La constatazione dalla quale prende inizio l’intera riflessione proposta dal critico Renato Palazzi per Linus è sicuramente lapalissiana, ma non per questo scontata: da ben due lustri, ormai, quel secolo complesso che è stato il ‘900 si è concluso. Cento anni di grandi rivoluzioni, cambiamenti, crisi economiche, globalizzazione e genocidi, minacce e tragiche follie nucleari. Un secolo di emancipazioni e nuove schiavitù, di viaggi sempre più veloci, migrazioni, scoperte e sperimentazioni che hanno segnato non solo la scienza, la tecnologia e le comunicazioni, ma anche l’arte, la musica, il teatro. Ma, appunto, da ormai dieci anni siamo scivolati nel 2000: non solo un nuovo secolo, ma addirittura un nuovo millennio. Dieci anni che bastano, forse, a prendere la giusta distanza dal periodo precedente per poter dare, approfittando della via indicata da Palazzi, alcune definizioni di “novecentesco”, e con esse iniziare a delineare le tendenze odierne e future. Vedendo, però, nella categorizzazione chiusa una forma assolutamente “novecentesca” di strutturazione del pensiero, si procederà più liberamente e senza sentenze definitive. Non potendo, in questa sede, elaborare una sintesi esaustiva di un argomento così ampio, si prediligerà, anzi, della riflessione suggerita dall’illustre critico, l’aspetto più ludico – che è forse quello di cui si sente più il bisogno in questo nuovo millennio iniziato non certo nel migliore dei modi – limitando il discorso al mondo teatrale.
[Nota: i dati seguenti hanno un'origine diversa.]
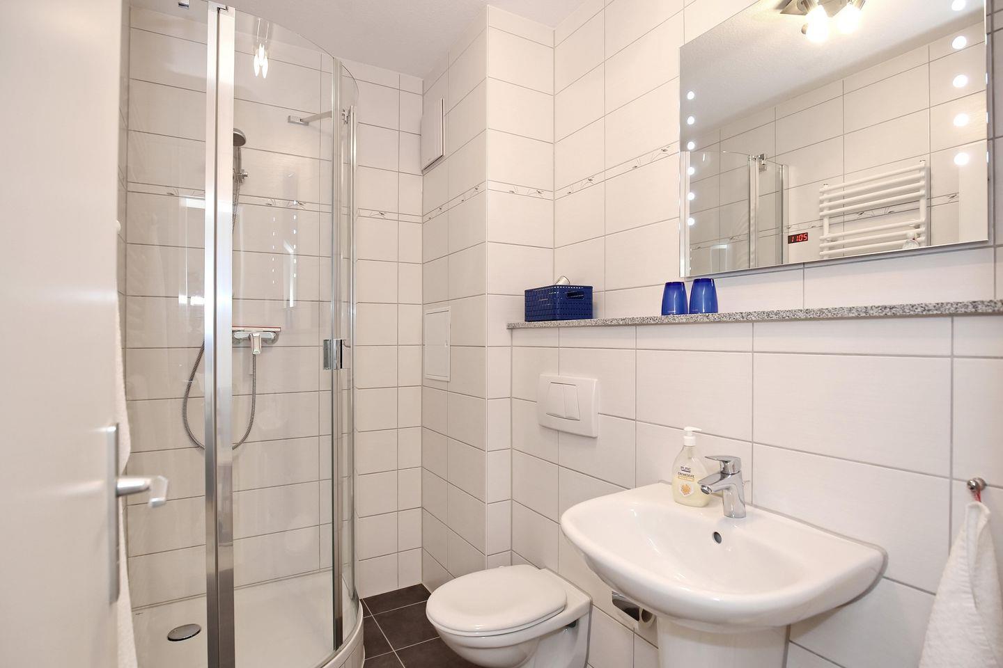 Das Badezimmer ist mit einer Dusche/WC versehen und gefliest. Der Fußboden in der Ferienwohnung ist mit Laminat ausgelegt.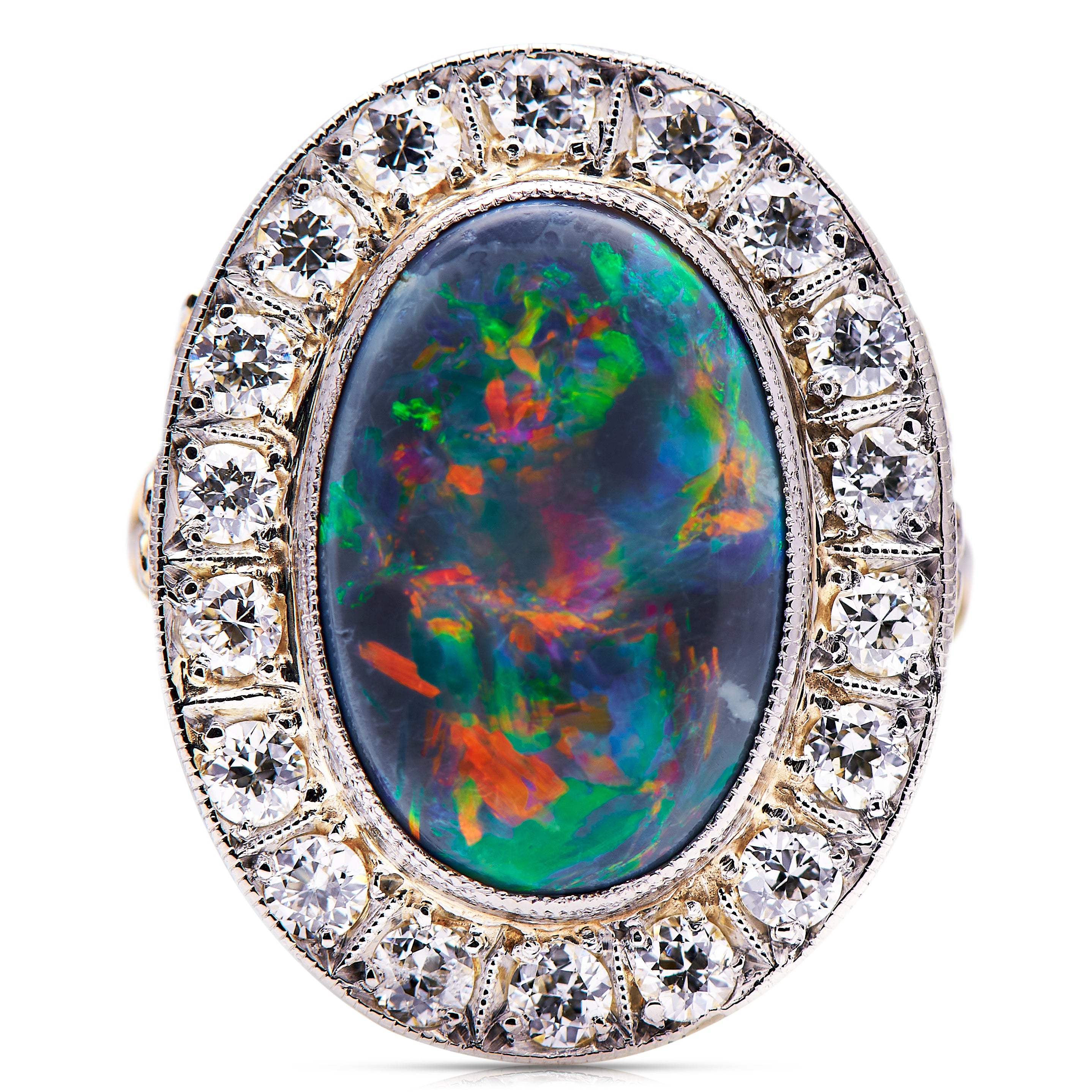 Art Deco | Black Opal and Diamond Cluster Ring – Vintage Ring – Antique Ring Boutique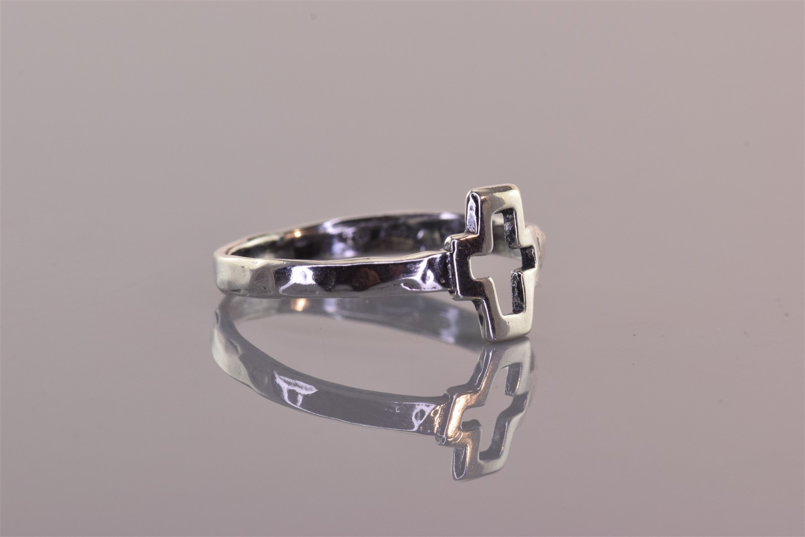 как выглядит Sterling Silver 11mm Openwork Cutout Cross Textured Band Ring 925 Sz: 12 фото

Innanzitutto una riflessione cromatica: il total black o white è una convenzione – lungi dall’essere neutra –, e come tale non può non appartenere al secolo scorso. Dolcevita nere, piedi scalzi e pantaloni da tuta sono un residuato d’altri tempi che non sembrano smettere, però, di esercitare il loro fascino. D’altro canto anche la nudità – lungi ormai dall’essere una provocatoria novità – può rischiare di divenire desueta se usata a sproposito.
Si è decisamente perso il concetto di “costume” in senso, appunto, novecentesco, con la proliferazione, in scena, di felpe, jeans, t-shirt con enormi stampe e tutto quello che si può – a prima vista – facilmente reperire in un mercatino. Simile discorso si può fare per la scenografia: eliminati i grandi impianti scenici tipici del secolo scorso (e qui la parentesi è d’obbligo, essendo inevitabile chiedersi quanto le ristrettezze economiche abbiano influito su questa tendenza, in una sorta di “far di necessità virtù”), i teatri si sono messi anch’essi a nudo, dimostrando, grazie alla visionarietà di grandi artisti, di non aver bisogno d’altro che della fantasia del pubblico. Un nome per tutti, quello di Peter Brook, viene subito in mente: difficile definire il suo operato prettamente novecentesco. E se è appurato che l’epoca della grande regia sia ormai in declino, con il proliferare di nuove formule creative che fanno del collettivo e della non (totale) distinzione dei ruoli il loro punto di partenza e di forza, va anche riconosciuto il lavoro di quei grandi registi che, noncuranti dei necrologi che quotidianamente vengono dedicati alla loro professione, sfuggono a qualsiasi classificazione secolare, avendo segnato la storia del teatro anche per molti anni a venire.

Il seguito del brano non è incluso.